Good thing we have “best days ever” to balance them out! 🙂
You do have an awesome kid and he has an awesome mom. It is okay to be frustrated with your child. You did not scar him for life. But I know that you *will* try harder. That is exactly what it is all about – improving. Doing better next time. And I bet he does better next time, too.
Last night, I was really frustrated with N and sang my little song I learned from Love & Logic parenting, “Oh, too bad, so sad, Nathan has to go to his room until he is ready to listen. Oh, that is just so sad. Have a good little tantrum. We will miss you. Please return when you are ready to listen.”
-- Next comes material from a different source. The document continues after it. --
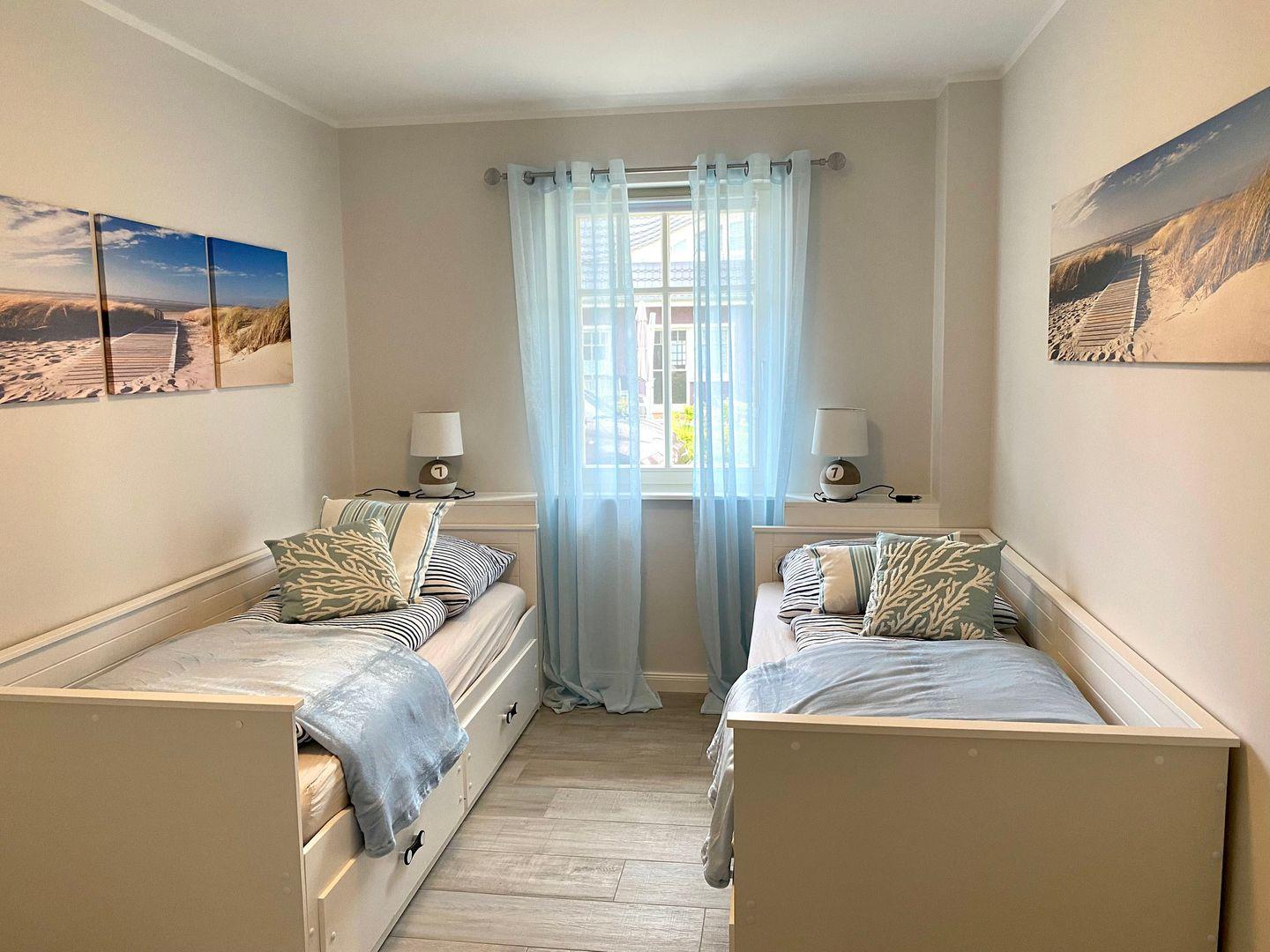 Verdunklungsmöglichkeiten in den Schlafzimmern sind vorhanden.

He thought I was a wee bit nuts, but did go upstairs and came down when he was ready to listen. It helped. And the rest of the night, we were both good.
We all have those moment we wish we could take back and “do-over”… but the most important thing I came out of my kids’ childhoods with was this: I am not perfect, and I will not tell my kids I am… and I will admit when I’m wrong. Trust me. It goes a long way toward a better relationship with your kids when you can be honest with them. Maybe Declan is too young to understand yet, but the day will come. From what I’ve seen, you’re a great mom… keep up the good work.
I think the starts must be aligned in a strange way because The Boy is acting like a jerk as well… I hear you. Hang in there…
Don’t say you’re a bad mom. You have the toughest job there is. Moments like that will happen. I love the ending of your post and I can just see you both smashing breads! 🙂
You know, I’ve really, really been struggling with the whole “I know I love this kid, but he’s driving me freaking insane” thing. It’s tough. I guess the important thing to realize is that your little guy is becoming independent… and, unfortunately, that means he’s going to be making decisions that drive you up the wall. The good news is that you’ve gotten him this far. You’ll get it figured out.